### ACTIVITY
Starting at the line with "이날 원미연은 과거 아버지가" and ending at the line with "小日向 悠乃介さんを姓名の画数から五運を鑑定", print exactly the lines of the entries below. Pictures do not belong in the copy.

Extracted data entries
####################

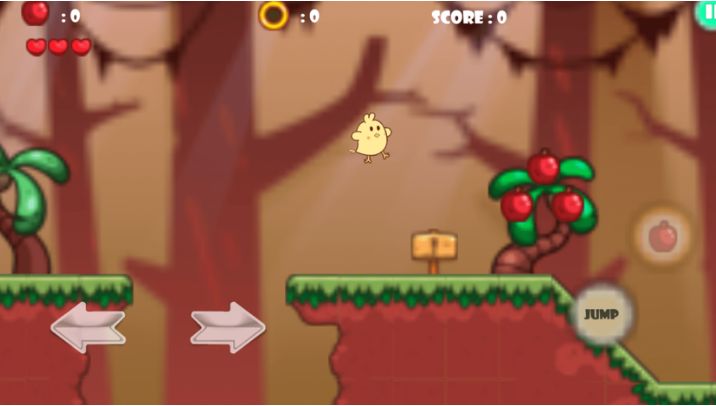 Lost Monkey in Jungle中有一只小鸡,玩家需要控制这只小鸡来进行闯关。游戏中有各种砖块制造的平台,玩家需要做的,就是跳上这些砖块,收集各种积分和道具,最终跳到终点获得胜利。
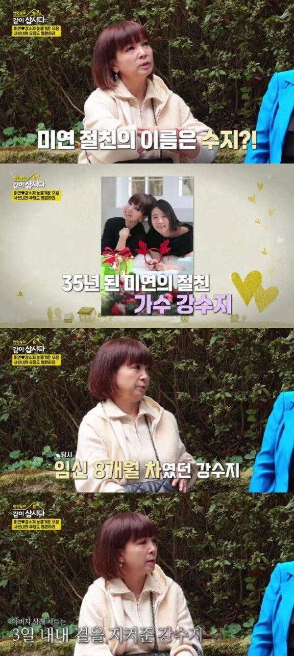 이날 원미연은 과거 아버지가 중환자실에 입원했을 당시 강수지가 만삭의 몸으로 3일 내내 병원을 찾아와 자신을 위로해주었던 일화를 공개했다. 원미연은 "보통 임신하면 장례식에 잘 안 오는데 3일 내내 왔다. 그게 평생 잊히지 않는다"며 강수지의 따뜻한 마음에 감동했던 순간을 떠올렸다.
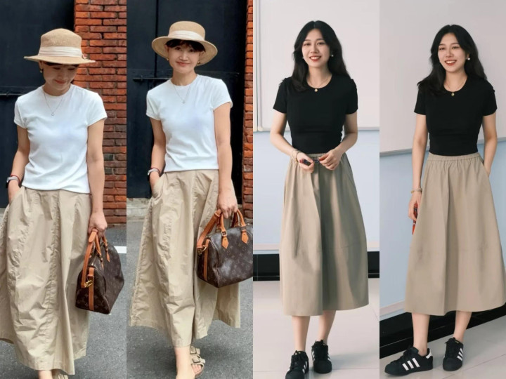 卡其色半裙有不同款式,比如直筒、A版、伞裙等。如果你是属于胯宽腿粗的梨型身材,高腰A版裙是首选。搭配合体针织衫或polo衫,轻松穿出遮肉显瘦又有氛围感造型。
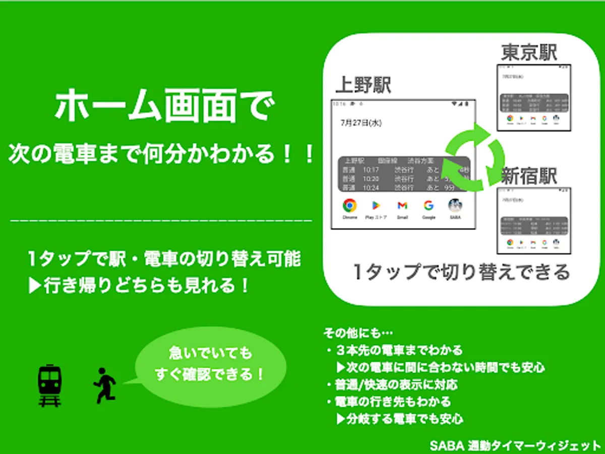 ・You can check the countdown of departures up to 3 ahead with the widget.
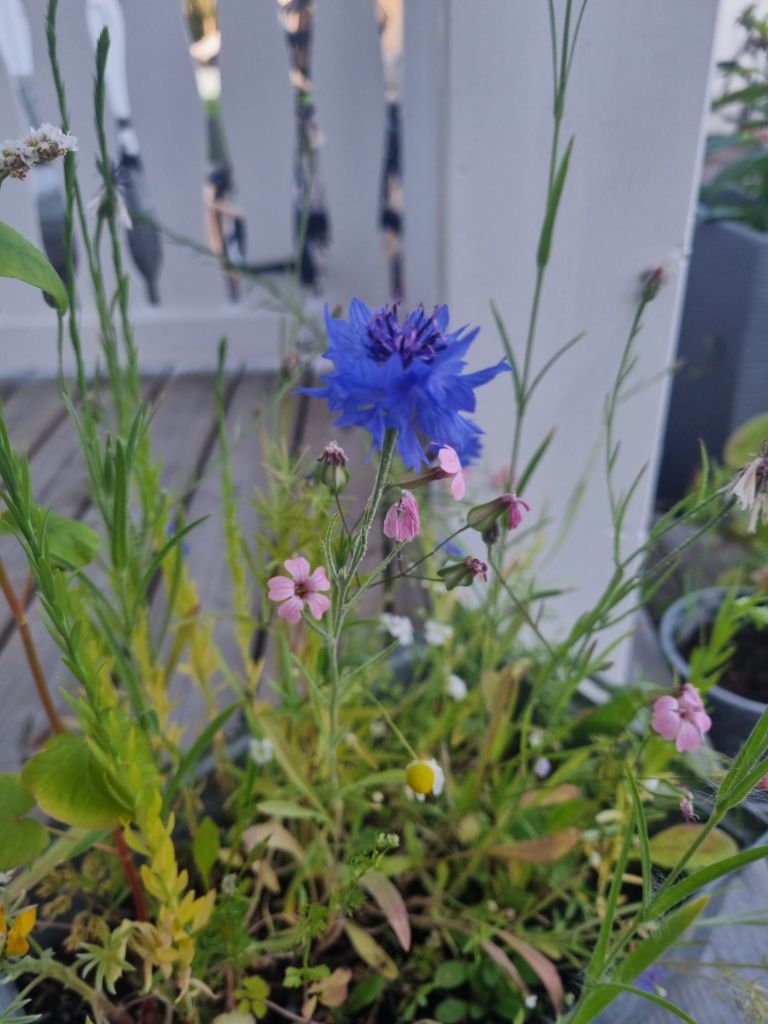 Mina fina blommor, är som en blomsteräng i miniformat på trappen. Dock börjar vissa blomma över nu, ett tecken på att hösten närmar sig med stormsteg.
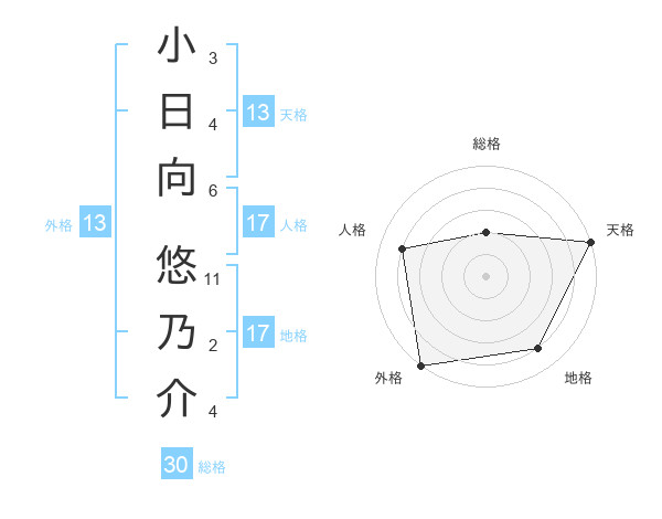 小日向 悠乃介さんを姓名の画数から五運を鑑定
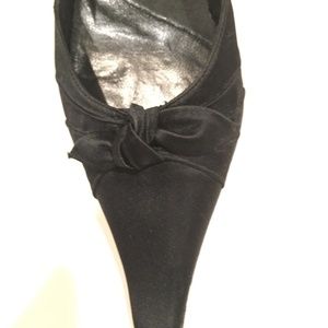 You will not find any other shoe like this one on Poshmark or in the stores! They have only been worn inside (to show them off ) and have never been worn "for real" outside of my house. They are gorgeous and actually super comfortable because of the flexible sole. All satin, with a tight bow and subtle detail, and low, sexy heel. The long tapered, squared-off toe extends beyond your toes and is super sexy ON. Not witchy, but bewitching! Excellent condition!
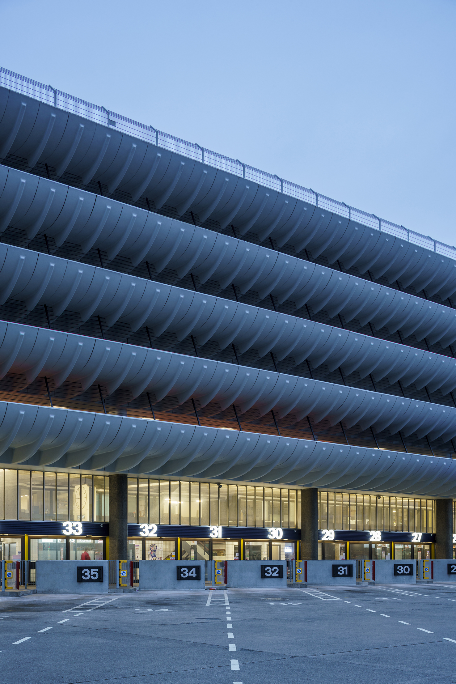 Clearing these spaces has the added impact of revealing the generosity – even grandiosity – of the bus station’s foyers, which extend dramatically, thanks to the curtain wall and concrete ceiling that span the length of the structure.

####################

### TASK RESPONSE
 이날 원미연은 과거 아버지가 중환자실에 입원했을 당시 강수지가 만삭의 몸으로 3일 내내 병원을 찾아와 자신을 위로해주었던 일화를 공개했다. 원미연은 "보통 임신하면 장례식에 잘 안 오는데 3일 내내 왔다. 그게 평생 잊히지 않는다"며 강수지의 따뜻한 마음에 감동했던 순간을 떠올렸다.
 卡其色半裙有不同款式,比如直筒、A版、伞裙等。如果你是属于胯宽腿粗的梨型身材,高腰A版裙是首选。搭配合体针织衫或polo衫,轻松穿出遮肉显瘦又有氛围感造型。
 ・You can check the countdown of departures up to 3 ahead with the widget.
 Mina fina blommor, är som en blomsteräng i miniformat på trappen. Dock börjar vissa blomma över nu, ett tecken på att hösten närmar sig med stormsteg.
 小日向 悠乃介さんを姓名の画数から五運を鑑定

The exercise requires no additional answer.